§ DIRECTIONS FOR THIS TASK
Give back every line of the material exactly. Skip the pictures.

§ GIVEN MATERIAL
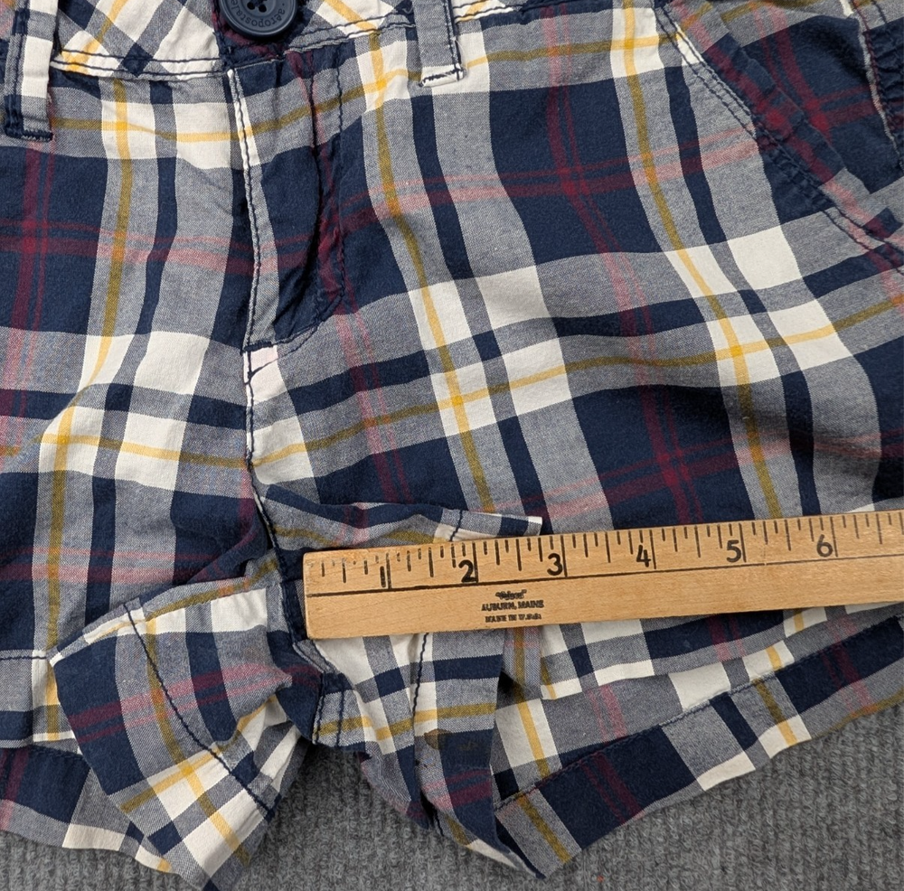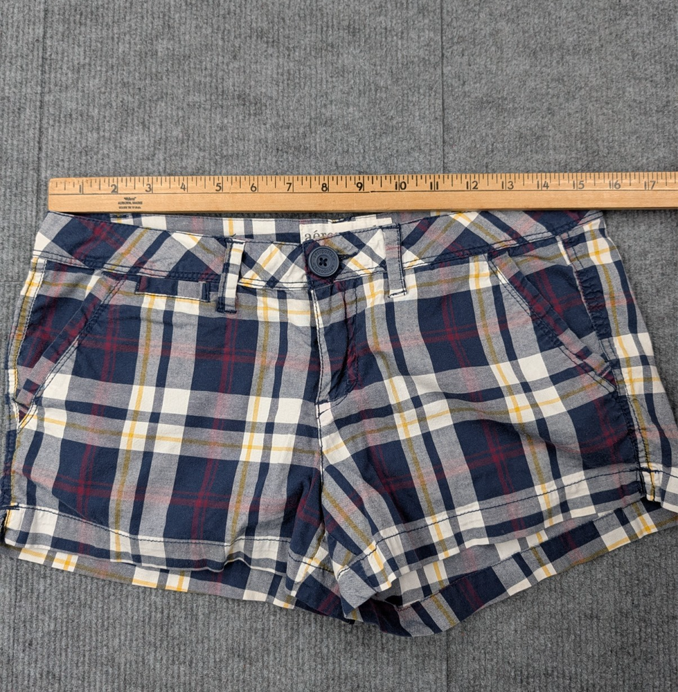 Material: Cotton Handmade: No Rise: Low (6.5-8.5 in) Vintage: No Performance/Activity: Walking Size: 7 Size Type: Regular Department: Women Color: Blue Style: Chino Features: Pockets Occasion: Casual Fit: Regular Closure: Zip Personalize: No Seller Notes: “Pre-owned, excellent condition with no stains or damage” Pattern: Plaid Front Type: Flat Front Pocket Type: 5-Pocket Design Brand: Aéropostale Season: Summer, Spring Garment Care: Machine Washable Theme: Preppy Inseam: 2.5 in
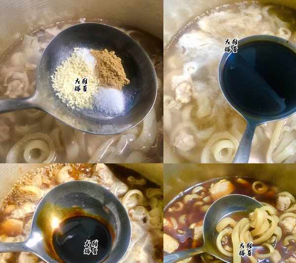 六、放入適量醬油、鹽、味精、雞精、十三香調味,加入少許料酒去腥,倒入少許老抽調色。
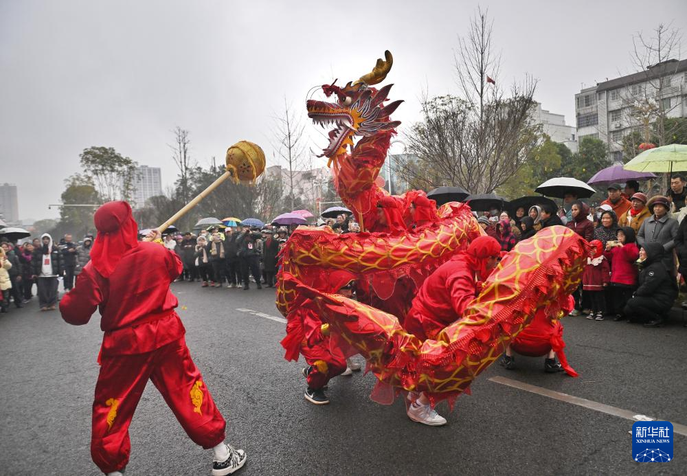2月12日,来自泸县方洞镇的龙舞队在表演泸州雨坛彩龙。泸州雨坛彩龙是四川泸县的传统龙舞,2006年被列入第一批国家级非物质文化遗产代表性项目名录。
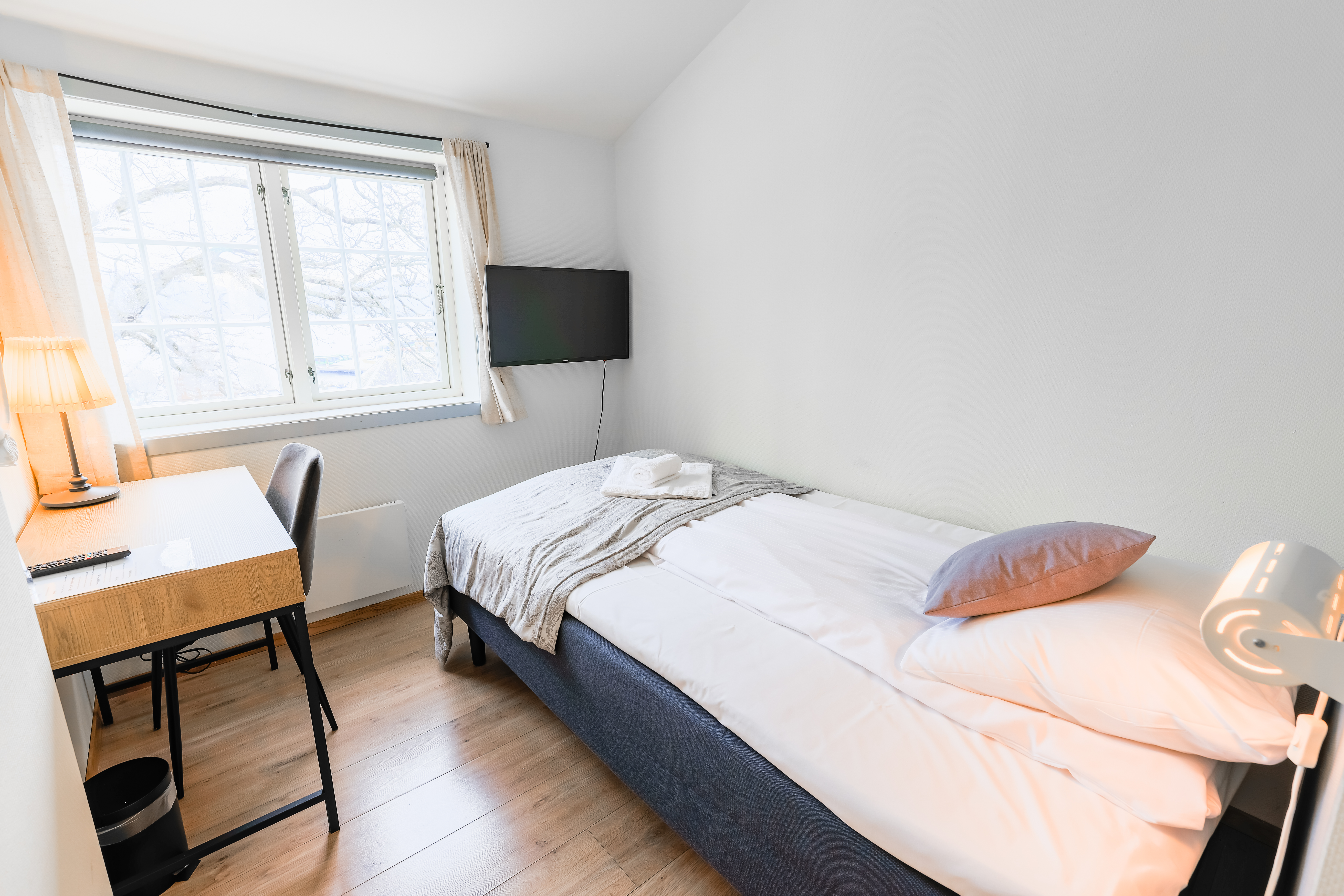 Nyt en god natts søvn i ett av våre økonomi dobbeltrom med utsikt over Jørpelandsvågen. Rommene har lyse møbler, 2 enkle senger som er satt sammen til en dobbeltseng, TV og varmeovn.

§ RESULT OF THE TASK
 Material: Cotton Handmade: No Rise: Low (6.5-8.5 in) Vintage: No Performance/Activity: Walking Size: 7 Size Type: Regular Department: Women Color: Blue Style: Chino Features: Pockets Occasion: Casual Fit: Regular Closure: Zip Personalize: No Seller Notes: “Pre-owned, excellent condition with no stains or damage” Pattern: Plaid Front Type: Flat Front Pocket Type: 5-Pocket Design Brand: Aéropostale Season: Summer, Spring Garment Care: Machine Washable Theme: Preppy Inseam: 2.5 in
 六、放入適量醬油、鹽、味精、雞精、十三香調味,加入少許料酒去腥,倒入少許老抽調色。
2月12日,来自泸县方洞镇的龙舞队在表演泸州雨坛彩龙。泸州雨坛彩龙是四川泸县的传统龙舞,2006年被列入第一批国家级非物质文化遗产代表性项目名录。
 Nyt en god natts søvn i ett av våre økonomi dobbeltrom med utsikt over Jørpelandsvågen. Rommene har lyse møbler, 2 enkle senger som er satt sammen til en dobbeltseng, TV og varmeovn.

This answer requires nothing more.